Title: A Wikipedia-based approach to conceptual indexing and retrieval of documents

Authors: Carlo Abi Chahine; Nathalie Chaignaud; Jean-Philippe Kotowicz; Jean-Pierre Pecuchet

Addresses: INSA Rouen LITIS – EA 4108, BP08, 76801 Saint-Etienne du Rouvray, France ' INSA Rouen LITIS – EA 4108, BP08, 76801 Saint-Etienne du Rouvray, France ' INSA Rouen LITIS – EA 4108, BP08, 76801 Saint-Etienne du Rouvray, France ' INSA Rouen LITIS – EA 4108, BP08, 76801 Saint-Etienne du Rouvray, France

Abstract: This paper describes a support system helping archivists in indexing and retrieving documents. Our method is based on the Wikipedia category network as a conceptual taxonomy.

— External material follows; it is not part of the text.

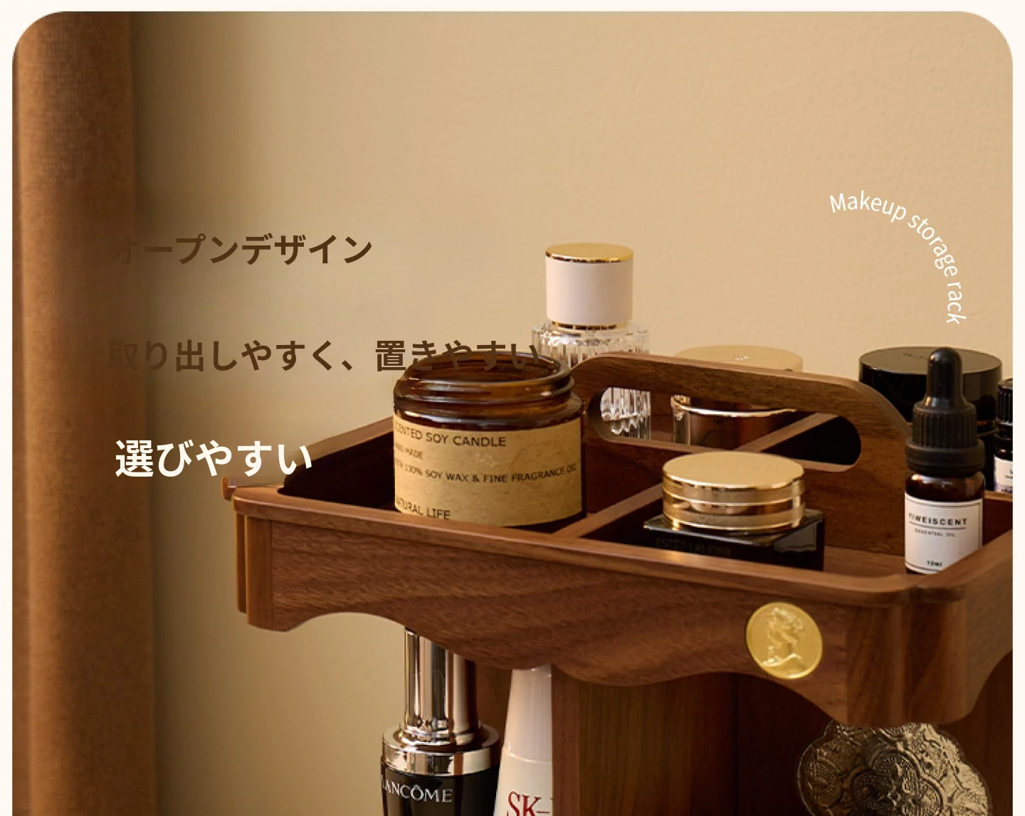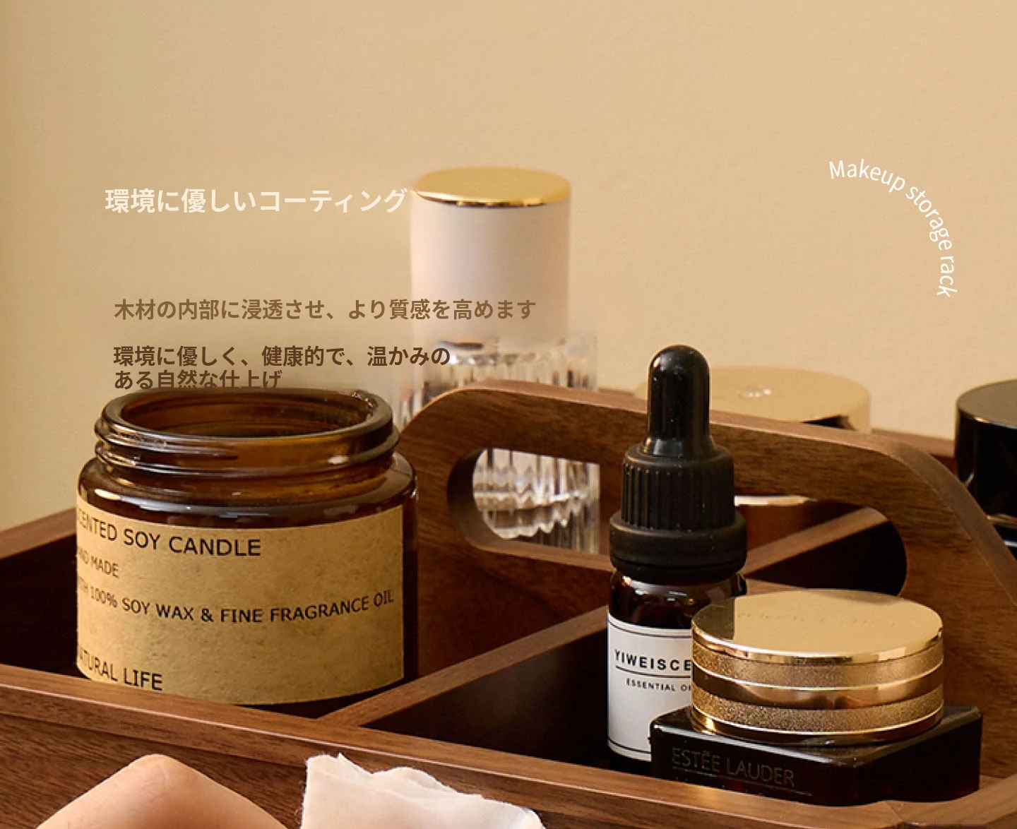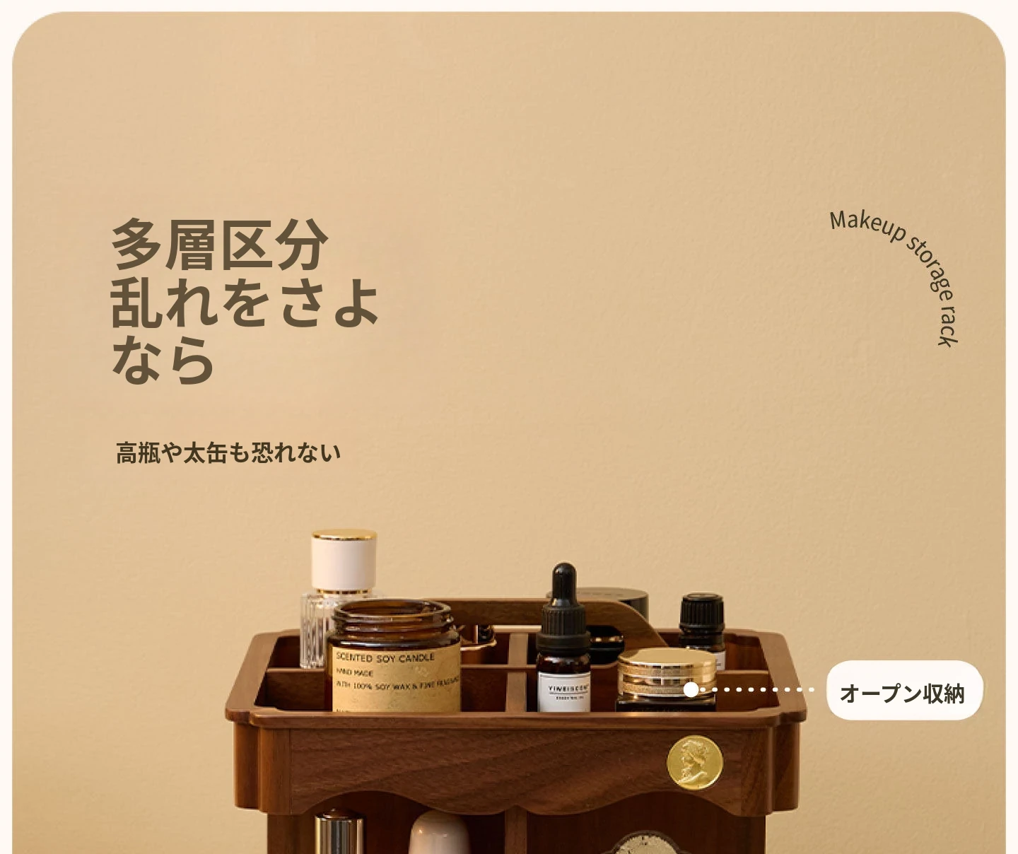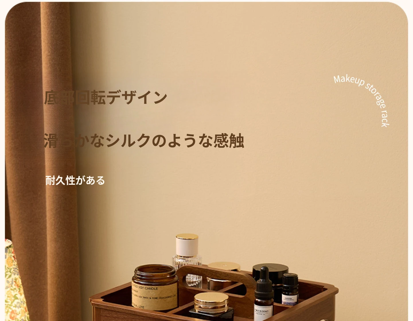 ヴァンハン 回転式化粧品収納ボックス デスクトップメイク台 組み立て式高級感木製スキンケア収納ボックス - おしゃれで機能的、あなたの美容アイテムをスマートに整理!

A directed acyclic graph (DAG) is built for each document by mapping terms (one or more words) to a concept in the Wikipedia category network. Properties of the graph are used to weight these concepts. According to the so-called important concepts, topics and keywords are proposed. Conceptual indexing consists in finding the relevant Wikipedia papers and categories, which can be used to describe the text. Conceptual retrieval consists in using these papers and categories to return the relevant documents for a user query. Finally, a proof-of-concept prototype is presented.

Keywords: document indexing; document retrieval; similarity measures; knowledge representation; Wikipedia; archivists; category network; conceptual taxonomy; directed acyclic graphs; DAG; conceptual indexing; information retrieval.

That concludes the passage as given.